I have known I've wanted to be some form of a counselor since I was in ninth grade. At the time, I didn't know what I would go to school for, and for a short period actually thought "counseling" was its own major. Now, a year and a half into college, I did not realize that 1) I would be a social work major and 2) that it would be so hard.
When starting at Niagara as a freshman, students were put into classes by major, to help acclimate them into college more smoothly. My class consisted of me and seven other girls. We all had a natural drive for social work, and have wanted to do something within this field of work for as long as we could remember. Since then, I have noticed the original core eight students that were social work majors has increased slowly, but by a lot. There are now almost fifteen students in my graduating class, which is a lot for such a small department that now are social work majors, but for some of them not for the reasons that you would think. Some of them actually do have a drive to help people, but there are the few who are doing it because their old major was hard, and social work looked easy.

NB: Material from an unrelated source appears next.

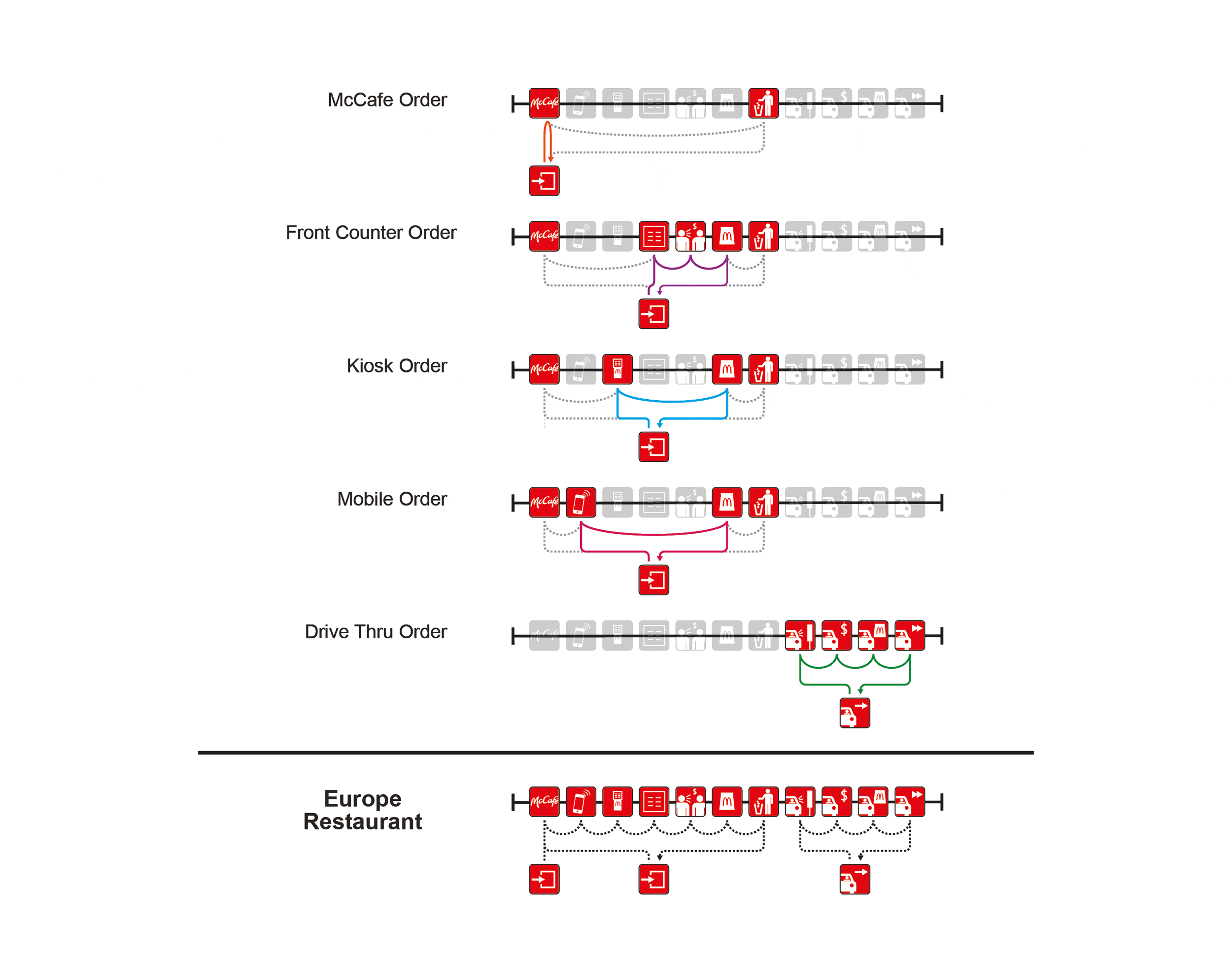 Each market determines the necessary customer interaction pathways and hence the initial sequence in which the Coachworks are laid out.

The first time someone told me they switched to social work because it seemed easy, I actually got quite upset. I thought to myself, 'this is definitely not easy". Granted, as a social work major there are no lab hours or hard math courses, but that does not make this major not as hard. In certain classes, we must fulfill an already decided amount of service hours, lots of papers and tons of policies to become familiar with. So, with that being said, social work is just as difficult as other majors, but in its own way. It is socially demanding, as well as emotionally draining.
I am a firm believer that you should do something you are passionate about, no matter the difficulty. When you tell me you think my major is "easier", I find it offensive, because I put just as much work into it as any other major, so no social work is not your scapegoat.